----- RECORDS FOR PROCESSING

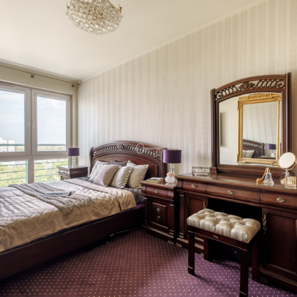 The apartment is located in Mokotow, close to the Stegny sports center. In the area there are stores, cafes, kindergartens, nurseries, as well as international schools. Good transport connection with the center of Warsaw and proximity to the Sluzewiecka Valley Park with bicycle and jogging trails.
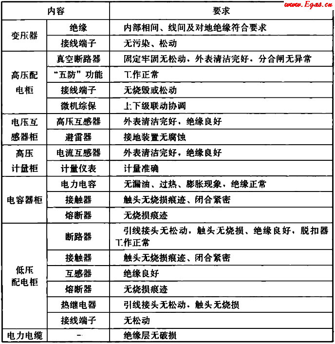 表5.4.5 供電系統(tǒng)巡檢頻次要求
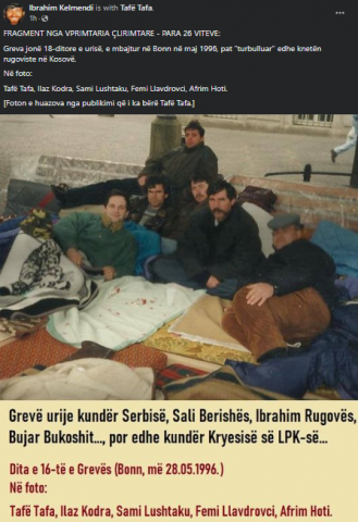 “Greva jonë 18-ditore e urisë, e mbajtur në Bonn në maj 1996, pat “turbulluar” edhe knetën rugoviste në Kosovë”, ka shkruar ai.
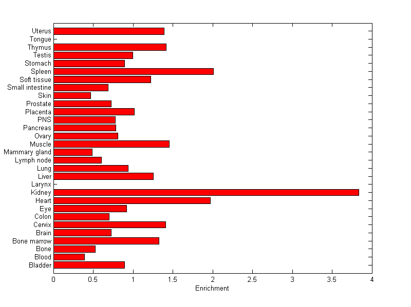 The expression level is normalized with tissue-library size. Each value for a gene in a tissue is a ratio of observed ESTs to the expected one in this tissue. The expected number of ESTs is the product of total ESTs of the gene and the fraction of total ESTs in the tissue among all ESTs in 30 tissues.
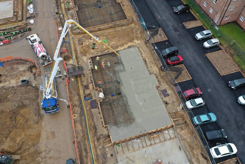 - The rafts require minimum excavation and shuttering compared to ground beams. The reduction in excavation and shuttering lead to huge savings in cost and programme. It is estimated that this has lead to savings of 20-25k per block and programme savings of 8-10 working days.
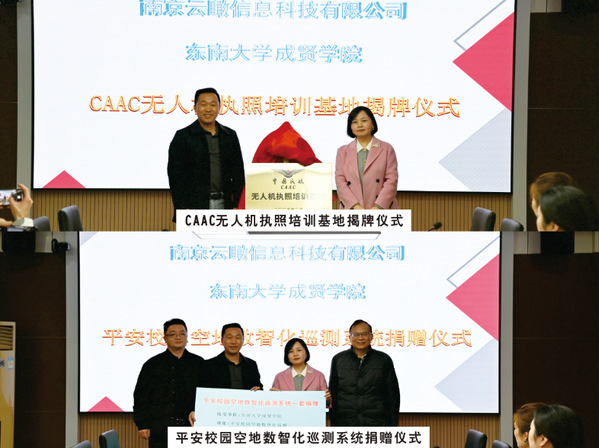 戴玉蓉副院长首先代表学校对林华桂总经理一行的来访表示热烈的欢迎。戴玉蓉副院长在致辞中表示,此次合作是学校深化应用型人才培养模式改革的重要举措。通过整合企业技术资源与高校教育优势,构建“理论+实践+认证”一体化培养体系,为低空经济领域输送高素质、专业化人才,同时也为我校创建全国一流应用型大学、培养一流应用型人才增添新的亮点。土木与交通工程学院郭正兴院长在发言中指出,无人机执照培训基地的成立,是响应国家低空经济政策、服务区域产业升级的关键布局。未来,土木与交通工程学院将牵头与兄弟院系一起联合企业开发行业定制课程,开展技术攻关,助力无人机在道路巡检、电力巡检等场景的规模化应用。林华桂总经理对我校领导的热情接待表示衷心的感谢,他在发言中提到,无人机技术正广泛应用于测绘、物流、应急管理、平安校园建设等领域,但行业亟需具备执照资质和实战能力的复合型人才。此次校企共建培训基地,不仅能为学生提供CAAC认证培训,还将引入企业真实项目,实现人才培养与产业需求无缝对接。随后,双方领导共同为“CAAC无人机执照培训基地”揭牌,南京云瞰信息科技有限公司向我校捐赠“平安校园空地数智化巡测系统”一套,助力我校平安校园建设。
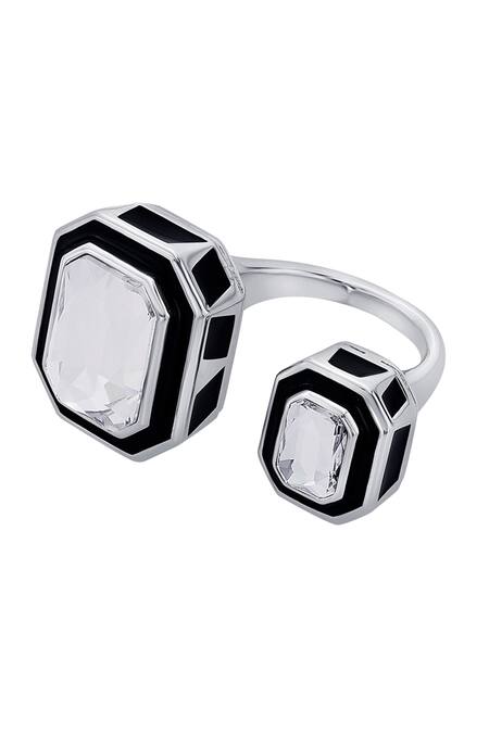 Rhodium plated ring, adorned with two light-catching crystals outlined with inky enamel.
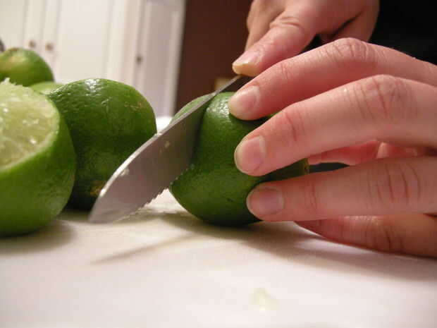 • Cortar los limones por la mitad con un cuchillo y colocarlos parte cortada hacia abajo en un exprimidor de mano cal y exprimir lejos!
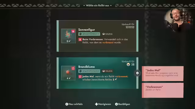 06:05:24Das Spiel wird mit Hades verglichen, jedoch mit stärkerem Fokus auf Looten und Verkaufen. Neue Relikte wie ein Gegner, der Rüstung verleiht und sich beim Verbrennen in das verbrannte Relikt verwandelt, sowie ein Relikt, das beim Verbrennen benachbarte Relikte in der gleichen Spalte mit 6 Rüstung versorgt, werden entdeckt. Die strategische Platzierung von Relikten, um maximale Boni zu erzielen, wird diskutiert, insbesondere die Frage, ob die Qualität des verbrannten Gegenstandes übernommen wird. Es wird entschieden, die Rüstung einem Gegenstand zu geben, der nicht verbrannt werden soll. Die Möglichkeit, Relikte doppelt zu verbrennen, wird als vielversprechend angesehen. Das Spiel 'Indica' wird als weiteres interessantes Spiel erwähnt. Die Effektivität des Spezialangriffs des Schwertes wird weiterhin getestet. Die strategische Nutzung von Relikten, die in Pfeilrichtung verbrennen oder Flüche reaktivieren, eröffnet neue taktische Möglichkeiten. Die Komplexität und die vielfältigen Interaktionen der Gegenstände werden als 'richtig sexy' und 'geil' empfunden.

----------

● WHAT TO WORK ON: Although the records contain pictures, restate them word for word with those pictures left out.

● FINISHED EXERCISE:
 The apartment is located in Mokotow, close to the Stegny sports center. In the area there are stores, cafes, kindergartens, nurseries, as well as international schools. Good transport connection with the center of Warsaw and proximity to the Sluzewiecka Valley Park with bicycle and jogging trails.
 表5.4.5 供電系統(tǒng)巡檢頻次要求
 “Greva jonë 18-ditore e urisë, e mbajtur në Bonn në maj 1996, pat “turbulluar” edhe knetën rugoviste në Kosovë”, ka shkruar ai.
 The expression level is normalized with tissue-library size. Each value for a gene in a tissue is a ratio of observed ESTs to the expected one in this tissue. The expected number of ESTs is the product of total ESTs of the gene and the fraction of total ESTs in the tissue among all ESTs in 30 tissues.
 - The rafts require minimum excavation and shuttering compared to ground beams. The reduction in excavation and shuttering lead to huge savings in cost and programme. It is estimated that this has lead to savings of 20-25k per block and programme savings of 8-10 working days.
 戴玉蓉副院长首先代表学校对林华桂总经理一行的来访表示热烈的欢迎。戴玉蓉副院长在致辞中表示,此次合作是学校深化应用型人才培养模式改革的重要举措。通过整合企业技术资源与高校教育优势,构建“理论+实践+认证”一体化培养体系,为低空经济领域输送高素质、专业化人才,同时也为我校创建全国一流应用型大学、培养一流应用型人才增添新的亮点。土木与交通工程学院郭正兴院长在发言中指出,无人机执照培训基地的成立,是响应国家低空经济政策、服务区域产业升级的关键布局。未来,土木与交通工程学院将牵头与兄弟院系一起联合企业开发行业定制课程,开展技术攻关,助力无人机在道路巡检、电力巡检等场景的规模化应用。林华桂总经理对我校领导的热情接待表示衷心的感谢,他在发言中提到,无人机技术正广泛应用于测绘、物流、应急管理、平安校园建设等领域,但行业亟需具备执照资质和实战能力的复合型人才。此次校企共建培训基地,不仅能为学生提供CAAC认证培训,还将引入企业真实项目,实现人才培养与产业需求无缝对接。随后,双方领导共同为“CAAC无人机执照培训基地”揭牌,南京云瞰信息科技有限公司向我校捐赠“平安校园空地数智化巡测系统”一套,助力我校平安校园建设。
 Rhodium plated ring, adorned with two light-catching crystals outlined with inky enamel.
 • Cortar los limones por la mitad con un cuchillo y colocarlos parte cortada hacia abajo en un exprimidor de mano cal y exprimir lejos!
 06:05:24Das Spiel wird mit Hades verglichen, jedoch mit stärkerem Fokus auf Looten und Verkaufen. Neue Relikte wie ein Gegner, der Rüstung verleiht und sich beim Verbrennen in das verbrannte Relikt verwandelt, sowie ein Relikt, das beim Verbrennen benachbarte Relikte in der gleichen Spalte mit 6 Rüstung versorgt, werden entdeckt. Die strategische Platzierung von Relikten, um maximale Boni zu erzielen, wird diskutiert, insbesondere die Frage, ob die Qualität des verbrannten Gegenstandes übernommen wird. Es wird entschieden, die Rüstung einem Gegenstand zu geben, der nicht verbrannt werden soll. Die Möglichkeit, Relikte doppelt zu verbrennen, wird als vielversprechend angesehen. Das Spiel 'Indica' wird als weiteres interessantes Spiel erwähnt. Die Effektivität des Spezialangriffs des Schwertes wird weiterhin getestet. Die strategische Nutzung von Relikten, die in Pfeilrichtung verbrennen oder Flüche reaktivieren, eröffnet neue taktische Möglichkeiten. Die Komplexität und die vielfältigen Interaktionen der Gegenstände werden als 'richtig sexy' und 'geil' empfunden.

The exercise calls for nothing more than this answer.